Access of elements :4 

Access of elements :5 

Access of elements :6 

Access of elements :7 

7 

 

Process finished with exit code 0 

Example: 

package Collection 

 

import scala.collection.mutable.Seq 

class SequenceExampl { 

  val seq1 = Seq(3,4,5,6,7) 

  seq1(3) = 60 

 

  println(seq1) 

  def checkElements() ={ 

    seq1.foreach(ele =>println("Access of elements :" +ele)) 

    println(seq1(4)) 

  } 

} 

object Seq1 { 

  def main(args: Array[String]): Unit = { 

    new SequenceExampl().checkElements() 

  } 

}

 

Output:  

ArrayBuffer(3, 4, 5, 60, 7) 

Access of elements :3 

Access of elements :4 

Access of elements :5 

Access of elements :60 

Access of elements :7 

 

Vector: 

  • Vector is good for large elements. 
  • Vector is by default immutable. 

package Collection 

 

 

class VectorExample { 

    val ve = Vector(23,24,25,26,27,28,29,30) 

    println(ve) 

  } 

  object VecE{ 

    def main(args:Array[String]):Unit={ 

      new VectorExample() 

    } 

  }

 

 

Output: 

Vector(23, 24, 25, 26, 27, 28, 29, 30) 

 

Process finished with exit code 0 

Explanation: Vector return vector.

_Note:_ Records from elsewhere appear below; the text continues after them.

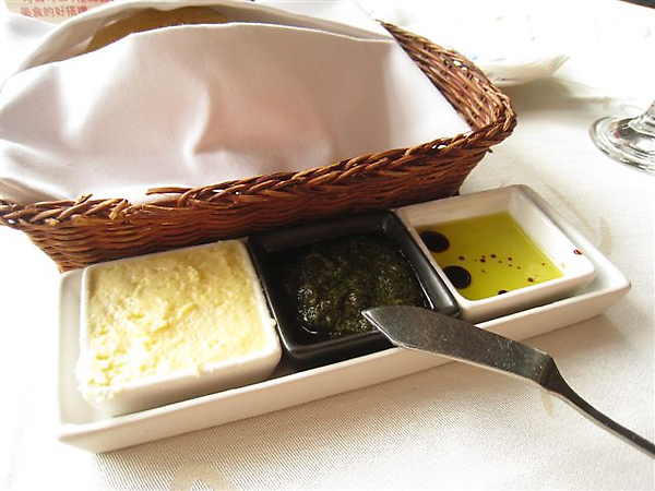附了三種醬料:橄欖油醋醬&羅勒醬&甜奶油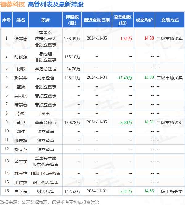 摘要: 消息,根據(jù)11月12日市場公開信息、上市公司公告及交易所披露數(shù)據(jù)整理,福蓉科技(603327)最新董監(jiān)高及相關(guān)人員股份變動情況:2024年11月11日公司高級管理人員肖學東共減持公司股份8.73萬股,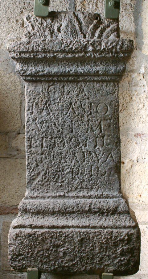 - [I(nvicto)] D(eo) S(oli) M(ithrae) // Cla(udius) / Patasio / v(otum) s(olvit) l(ibens) m(erito) / Pedone / et Bradua / co(n)s(ulibus) VIII Id(us) / Iunias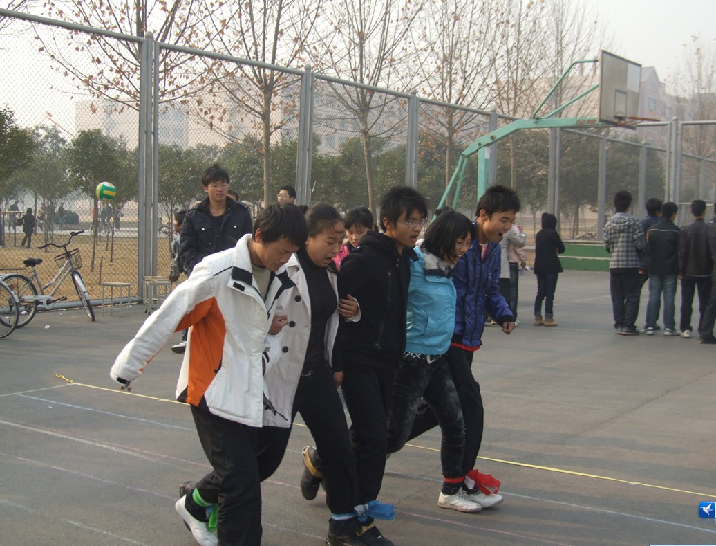 学生会的同学开始了紧张的赛场布置。各比赛项目同时进行,体育场上处处闪耀着精彩。慢速骑车,只见一个个选手气定神闲,稳扎稳打,步步为营,努力将保持平衡,趣味无穷。双人顶排球、双人跳绳,男女搭配,齐心协力,精彩无限。篮球接力、五人六足,大家配合默契,发挥团体协作能力,勇夺第一。一分钟投篮,大家热情高涨,瞄准、投篮、篮球在空中划出一道弧线,每进一个球,鼓掌声、叫好声响彻整个操场。单人跳绳,手起、绳落,追求速度,最为激烈,精彩纷呈。11点左右,所有的项目便进行完毕,“精彩男女生”趣味体育比赛圆满落幕。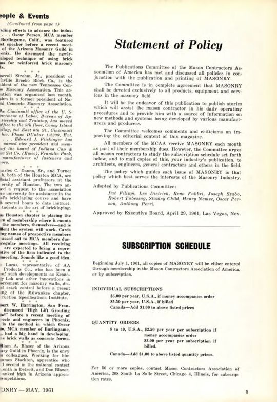 The Publications Committee of the Mason Contractors Association of America has met and discussed all policies in conjunction with the publication and printing of MASONRY.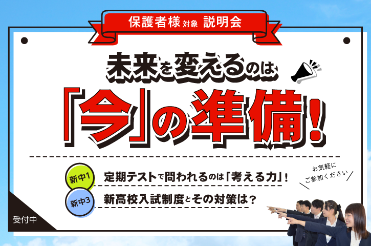 | 対象 | 新中学3年生(現中学2年生)の保護者様 サイエイにお通いでない方もお気軽にご参加ください |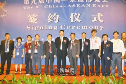 在第九届中国—东盟博览会签约仪式上,贵港市政府副市长肖明贵(左六),桂平市委书记杨评防(左五),桂平市委副书记、长安工业集中区管委会主任陆兵(右五),桂平市政府副市长薛有彪(左四)等领导与广州快菱电梯有限责任公司董事长梁焕基(右四)等签约企业领导合影 (资料图片)记者 霍敏仪
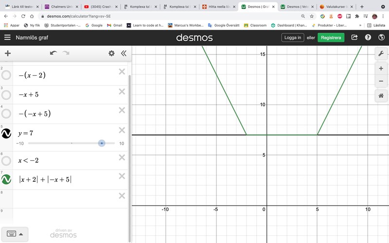 Summan av den blåa och den röda grafens höjd motsvarar alltså värdet av |-x+5| + |x+2|.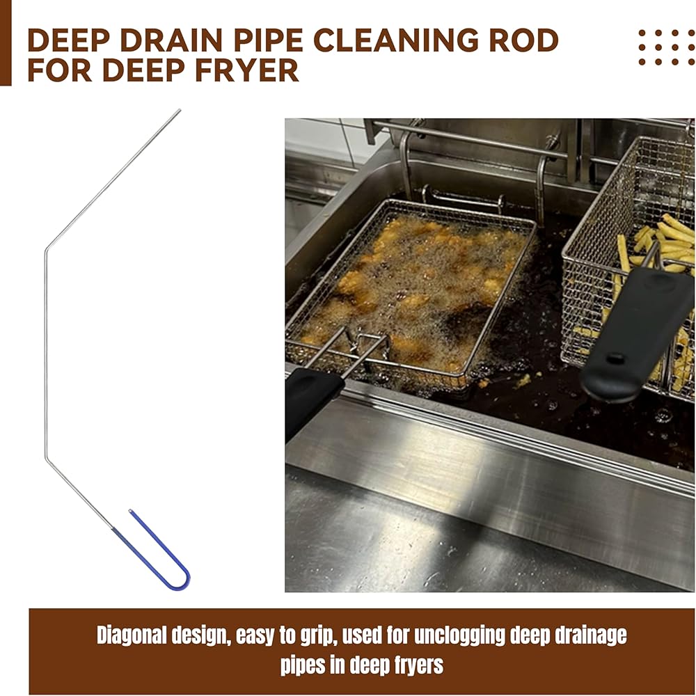 Fryer Deep Cleaning Rod: The fryer deep cleaning rod has a length of 24.5 inches, strong heat resistance, and is not easy to rust. It is used to clean the drain pipe of the Fryer and can penetrate deep into the pipe to remove food residue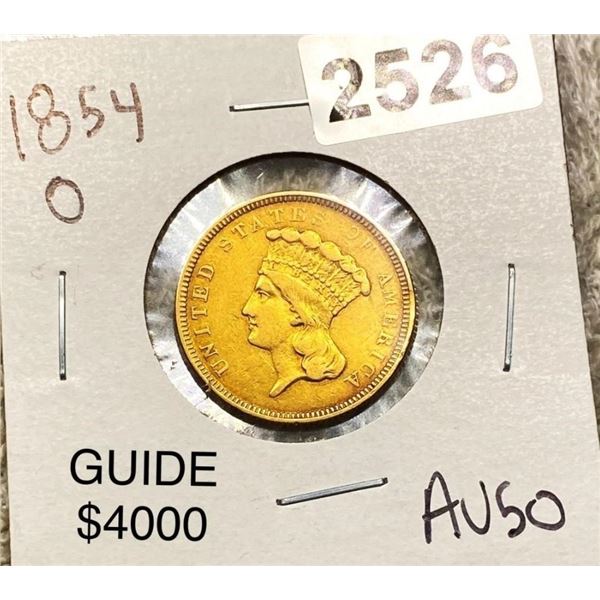 1854-O $3 Gold Piece ABOUT UNCIRCULATED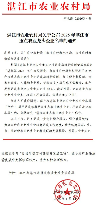 近日,湛江市农业农村局发布了关于公布2025年湛江市重点农业龙头企业名单的通知。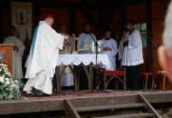V půl jedenácté se poutníci sešli na okraji Netína u tzv. Černého kříže, kde se k nim připojil velkomeziříčský děkan Jiří Kaňa a pomocný biskup pražský Zdenek Wasserbauer. Průvod prošel vsí až ke kostelu Nanebevzetí Panny Marie, kde proběhlo přivítání poutníků. V 11 hodin pak biskup Zdenek Wasserbauer celebroval mši svatou na farní zahradě.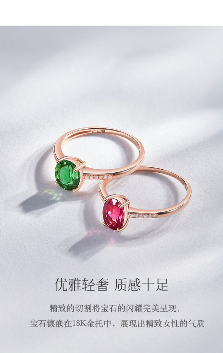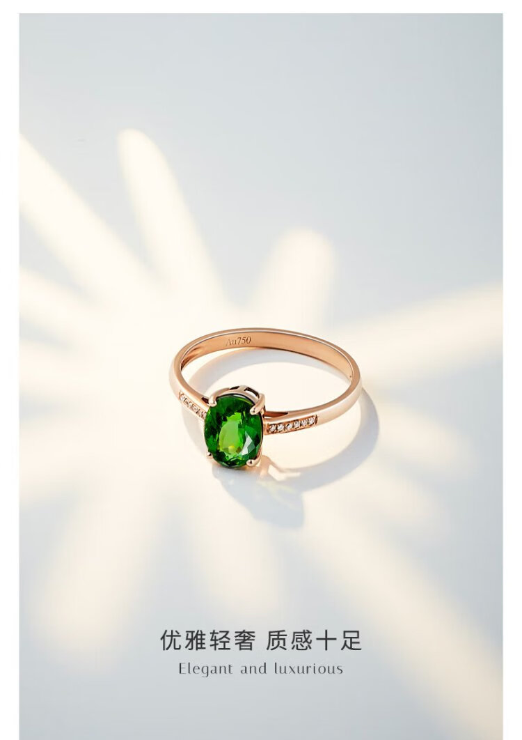 Yicai Jewelry Natural Green Tourmaline Gemstone Ring 18K Gold Diamond Ring Female Birthday Gift for Girlfriend and Lover 0.8 Carat Green Tourmaline Ring 18-23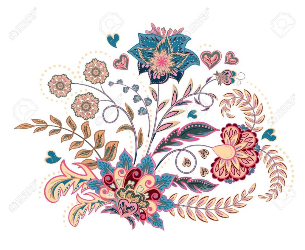 - Simetría y Repetición: Muchos diseños de bordado utilizan patrones simétricos o la repetición de motivos florales para crear guirnaldas, cenefas o medallones centrales.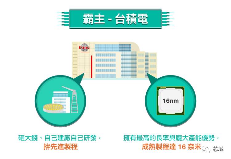 拥有最高的良率与庞大产能优势,成熟制程达16奈米。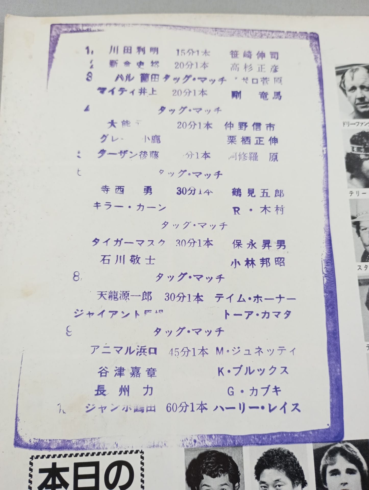 1985 Venue: Korakuen Hall / Stamped with list of matches : [Inter-heavyweight fighters rights match] Jumbo Tsuruta vs Harley Race / Riki Choshu & Yoshiaki Yatsu & Animal Hamaguchi vs Great Kabuki & Killer Brooks & Marty Giunetti

It is immutable. 

Question: Can we access the index value? 

package Collection 

 

 

class VectorExample { 

    val ve = Vector(23,24,25,26,27,28,29,30) 

    println(ve) 

  println("return the index value 4 :" +ve(4)) 

  println("return the index value 5 :" +ve(5)) 

  println("return the index value 6 :" +ve(6)) 

  println("return the index value 7 :" +ve(7)) 

} 

  object VecE{ 

    def main(args:Array[String]):Unit={ 

      new VectorExample() 

    } 

  }

 

Output: 

Vector(23, 24, 25, 26, 27, 28, 29, 30) 

return the index value 4 :27 

return the index value 5 :28 

return the index value 6 :29 

return the index value 7 :30 

 

Process finished with exit code 0  

Example : 

package Collection 

 

class VectorExample { 

    val ve = Vector(23,24,25,26,27,28,29,30) 

    ve(4) =33 

   println(ve) 

    println(ve(4)) 

} 

  object VecE{ 

    def main(args:Array[String]):Unit={ 

      new VectorExample() 

    } 

 }

 

 

Output: 

value update is not a member of scala.collection.immutable.Vector[Int] 

did you mean updated? 

    ve(4) =33 

package Collection 

 

 

class VectorExample { 

    val ve = Vector(23,24,25,26,27,28,29,30) 

    val ve1 = ve:+(3,4) 

  val ve2 = ve++ve1 

  def ve_fun()= { 

    println("Size of ve2 :" + ve2.size) 

    println("First values of ve2 :" + ve2.head) 

    println("Reverse elements of ve2 : " +ve2.reverse) 

    // println("Sorted(ASC) order : " + ve2.sorted) 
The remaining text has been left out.